● **Aim of the task**
Please transcribe exactly, and only, the lines of the data below between the line holding "为办好佛山市第十一届运动会羽" and the line holding "Natural Amethyst Stone", inclusive.

== Source data ==

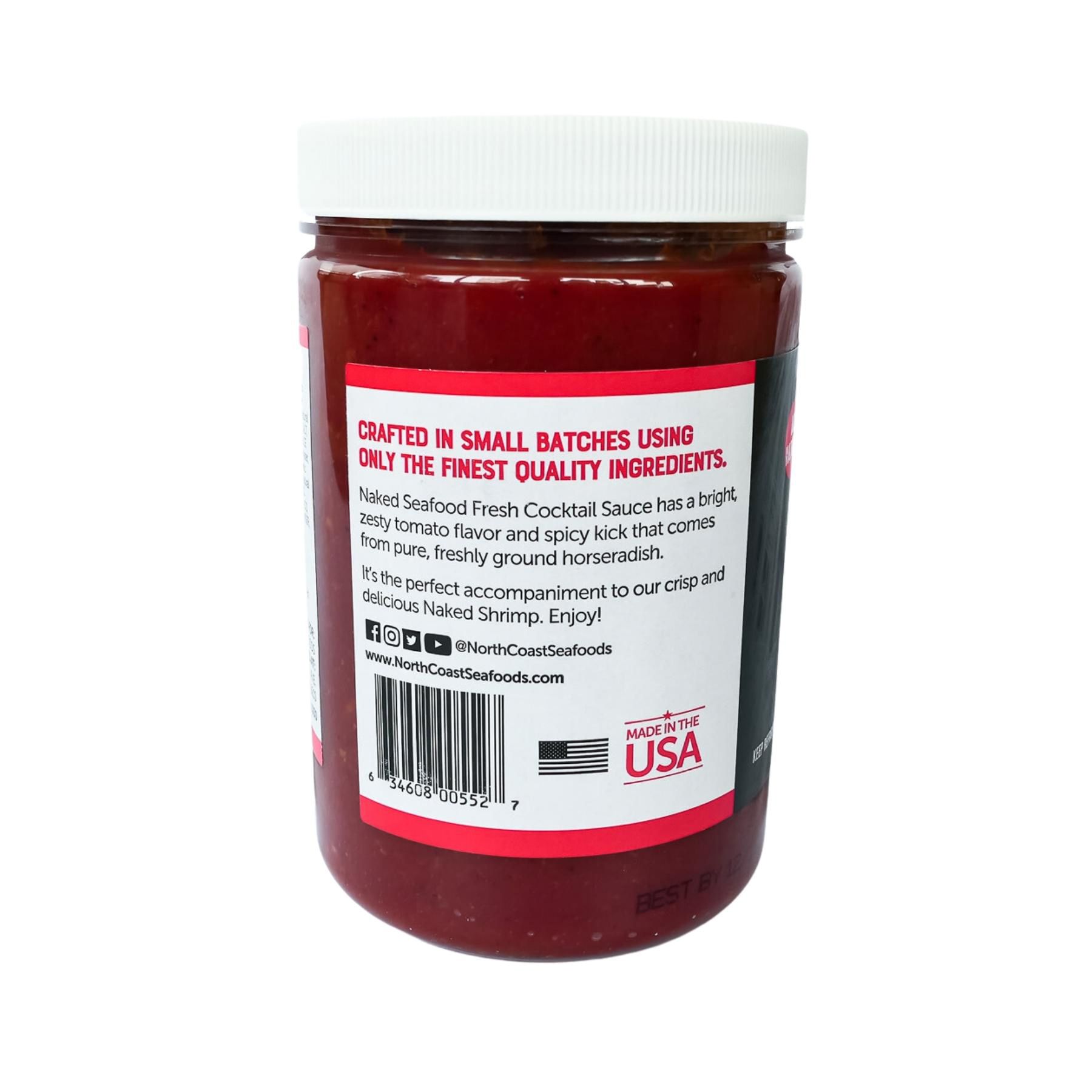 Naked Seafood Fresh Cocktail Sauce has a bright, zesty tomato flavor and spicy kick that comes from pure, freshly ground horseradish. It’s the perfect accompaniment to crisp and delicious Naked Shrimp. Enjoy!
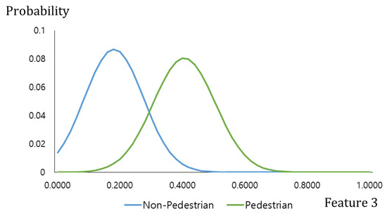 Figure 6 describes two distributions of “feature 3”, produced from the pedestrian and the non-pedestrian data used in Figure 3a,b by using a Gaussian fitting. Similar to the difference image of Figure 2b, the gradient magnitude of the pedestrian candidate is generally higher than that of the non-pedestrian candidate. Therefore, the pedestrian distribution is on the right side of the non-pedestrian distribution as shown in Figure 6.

===
== Source data ==

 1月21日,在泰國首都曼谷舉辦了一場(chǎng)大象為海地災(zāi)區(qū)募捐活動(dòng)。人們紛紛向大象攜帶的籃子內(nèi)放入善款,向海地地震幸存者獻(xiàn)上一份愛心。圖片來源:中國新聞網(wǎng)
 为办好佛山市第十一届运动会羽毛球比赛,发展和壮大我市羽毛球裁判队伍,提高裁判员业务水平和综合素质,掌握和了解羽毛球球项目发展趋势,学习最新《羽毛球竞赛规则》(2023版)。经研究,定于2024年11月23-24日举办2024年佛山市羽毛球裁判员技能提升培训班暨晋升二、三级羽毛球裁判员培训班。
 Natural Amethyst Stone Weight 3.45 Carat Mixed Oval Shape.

===

● **Exercise output**
 为办好佛山市第十一届运动会羽毛球比赛,发展和壮大我市羽毛球裁判队伍,提高裁判员业务水平和综合素质,掌握和了解羽毛球球项目发展趋势,学习最新《羽毛球竞赛规则》(2023版)。经研究,定于2024年11月23-24日举办2024年佛山市羽毛球裁判员技能提升培训班暨晋升二、三级羽毛球裁判员培训班。
 Natural Amethyst Stone Weight 3.45 Carat Mixed Oval Shape.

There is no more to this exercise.